Há menos de duas semanas, ônibus com manifestantes que vinham do interior do Estado para realizar protesto em frente ao Palácio Piratini (sede do governo Estadual) foram barrados pela Brigada Militar antes de chegar à Porto Alegre. Ato seguido, realizou-se revista dos passageiros e apreensão de cartazes e faixas que continham “mensagens agressivas à pessoa da governadora”. As demandas dos movimentos de oposição não puderam nem sequer chegar às ruas, reverberar na praça pública. Censura. Não vejo outra maneira de definir tal situação. A polícia foi investida do direito de realizar juízos morais para censurar material político. Completamente anormal!

Ontem, dia 21 de agosto, novamente o Estado foi palco de autoritarismo. A Brigada Militar, ideologizada pelo Governo do Estado e pela Secretaria de Segurança, assassinou a tiros um colono sem-terra durante ação de desocupação da fazenda Southall, em São Gabriel (um dos municípios brasileiros com maior concentração de latifúndios: memória viva do subdesenvolvimento). Indícios sugerem que o confronto entre militantes do MST e BM já estava apaziguado quando o crime foi cometido. O colono, alvejado com arma de grosso calibre, estaria de costas no momento do disparo.

A repressão política tende a crescer na medida em que este governo fracassado e ilegítimo (já que fruto da corrupção e do caixa 2) se sinta mais acuado.
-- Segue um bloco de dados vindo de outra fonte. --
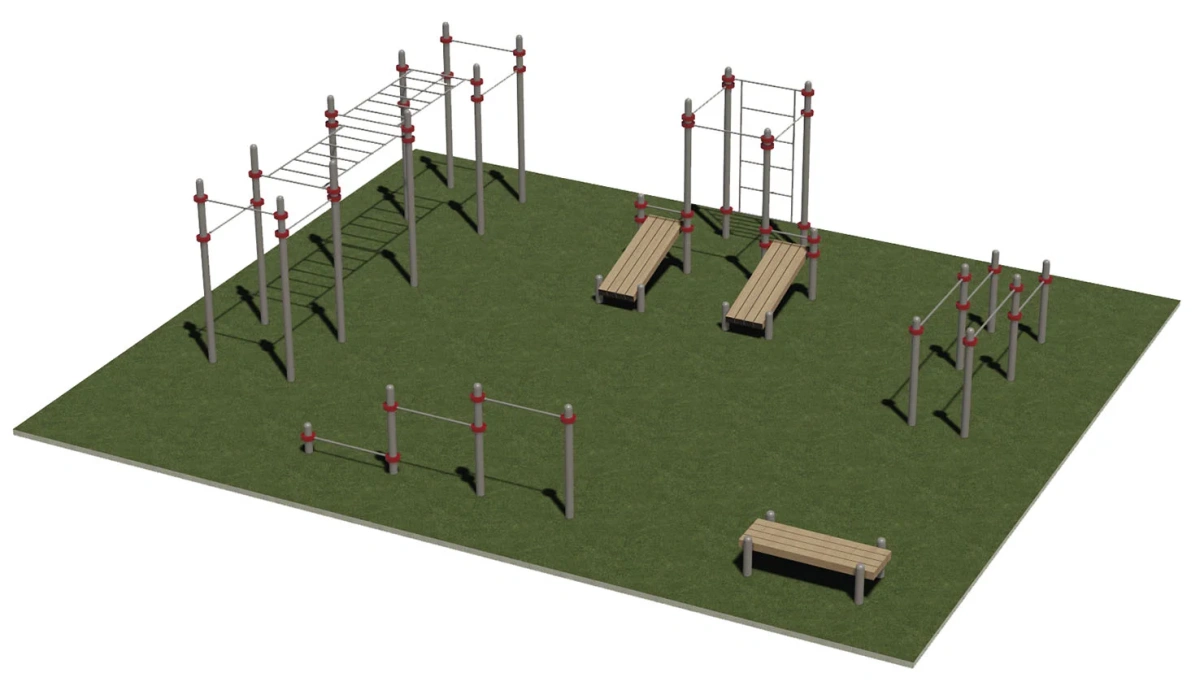 Спортивная площадка включает тренажеры: Р002, Т005, СК001, Б003 и СК003.

Para garantir a manutenção do espírito democrático em terras gaúchas, me pergunto se não seria a hora de fazer denúncia à Anistia Internacional.
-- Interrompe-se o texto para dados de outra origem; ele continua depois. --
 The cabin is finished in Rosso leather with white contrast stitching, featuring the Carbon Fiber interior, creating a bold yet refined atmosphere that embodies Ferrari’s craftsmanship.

terça-feira, 18 de agosto de 2009

Percepções sobre a esquerda oriental (ou "no Sul ainda existe esquerda e direita II")

Bastou assentir com a cabeça quando nos perguntaram se éramos da imprensa. Ato seguido, alojamo-nos facilmente em área reservada para jornalistas no plenário da Frente Ampla (Encuentro Progresista – Frente Amplio – Nueva Mayoría, maior partido de esquerda em atividade no Uruguai) organizado em Montevidéu. Em nenhum momento se fez patente aquele típico afã por inspecionar, exigir credenciais, apartar, diferenciar e seccionar, que marca os atos políticos dos inchados partidos brasileiros. Concorrido mesmo era estar na platéia, ter em mãos as cédulas que ratificam a democracia partidária. Naquela manhã fria de 11 de julho de 2009, os delegados frenteamplistas oficializariam a fórmula do seu partido para as eleições presidenciais uruguaias deste ano.
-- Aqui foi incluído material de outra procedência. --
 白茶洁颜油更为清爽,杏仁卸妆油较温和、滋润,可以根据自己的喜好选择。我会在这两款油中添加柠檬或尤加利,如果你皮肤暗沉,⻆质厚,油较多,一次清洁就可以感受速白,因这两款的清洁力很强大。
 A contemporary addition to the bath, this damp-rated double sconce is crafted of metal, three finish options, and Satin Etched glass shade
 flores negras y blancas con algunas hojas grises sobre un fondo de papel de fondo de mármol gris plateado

Pepe Mujica (na foto) tinha seu nome confirmado na chapa, pois ganhara as eleições internas celebradas um mês antes. Político cebola, como ele mesmo se definiu certa feita, soube “descascar-se” – quando não foi descascado – de pigmentos do momento e da seita para construir lealdades de amplo espectro das quais extraiu um saldo final positivo: consolidou-se como nome representativo de uma esquerda uruguaia que se considera apta para, novamente, falar em projeto nacional e ambicionar a dianteira das mudanças sociais no largo prazo.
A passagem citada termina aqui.